Sen. Daniel Inouye (D-HI): "I didn't tell him this, but, you know, he's really suffered ... I don't want to use the word 'angry,' but I'm just disappointed that prosecutors were involved in that type of misbehavior ... Lawyers' fees are not cheap. He'll have to work the rest of his life."
And let's also note the roles of the Washington Post, Politico, and The Hill for compiling those quotes and allowing them to stand largely unchallenged, painting an overall portrait of Stevens as an innocent, unfairly victimized by an overzealous government.

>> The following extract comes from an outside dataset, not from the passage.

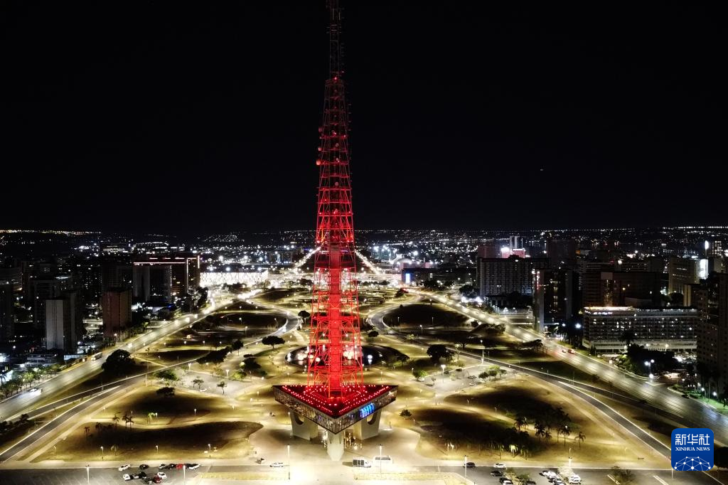8月15日晚,巴西首都巴西利亚电视塔亮起红色灯光(无人机照片)。

Yes, who can possibly forget how Ted Stevens responded to the tragedy of Hurricane Katrina, by magnanimously announcing he wanted to transfer the funding for the "Bridge to Nowhere" to Louisiana, to rebuild one of the most-traveled bridges in the country?
Oh, wait...

On October 21, 2005, Sen Tom Coburn (R-OK) offered an amendment to remove funds for the Gravina Island and Knik Arm bridges, and divert the funds to rebuild a bridge over Lake Pontchartrain that was damaged by Hurricane Katrina. Republican Senator Ted Stevens of Alaska became the object of strong media criticism when he strongly opposed diverting the Gravina and Knik Arm Bridge funds to help in the disaster aid.[10] In his speech on the Senate floor, Stevens threatened to quit Congress if the funds were removed from his state.
Wait...

Republican Sen. Tom Coburn's amendment to rescind federal money from the Knik and Gravina bridges won him the fury of Sen. Ted Stevens and only a smattering of votes. His attempt failed 82-15 after fist-pounding arguments from Stevens, R-Alaska.

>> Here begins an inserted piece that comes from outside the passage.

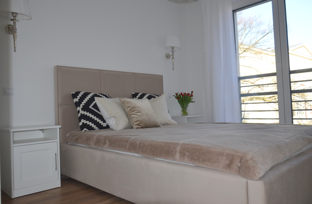 W całym apartamencie na podłogach wysokogatunkowe panele, ściany wykończone eleganckimi listwami przypodłogowymi, oraz dekoracyjnymi listwami sufitowymi. Kuchnia w stylowej zabudowie meblowej z pełnym wyposażeniem ( płyta indukcyjna, piekarnik , zmywarka, lodówka - wszystkie urządzenia marki Bosch ). W części jadalnianej stół i dwa krzesła. W salonie sofa trzyosobowa, stolik kawowy, komoda. W sypialni łóżko oraz szafa w zabudowie z szufladami, szafki nocne. Łazienka wykończona w glazurze i terkocie, kabina prysznicowa, stylowa szafka z umywalką, dodatkowo pojemna szafka nad obudową stelaża podtynkowego wc, pralka. W przedpokoju szafa trzydrzwiowa z dodatkowym szufladami, oraz przewidzianą częścią gospodarczą. W mieszkaniu instalacja telewizyjna i internetowa.

Stevens threatened to quit, to become a "wounded bull on the floor of this Senate," and he vowed that if his colleagues passed the bill, "I will be taken out of here on a stretcher."
"I will put the Senate on notice -- and I don't kid people -- if the Senate decides to discriminate against our state, to take money only from our state, I'll resign from this body," he said. "This is not the Senate I came to. This is not the Senate I've devoted 37 years to, if one senator can decide he'll take all the money from one state to solve a problem of another."


p.s. The Alaska GOP is asking for a do-over, since Stevens was improperly convicted after the election.  Presumably, if he'd been improperly convicted before the election, he should just be given back his old seat outright.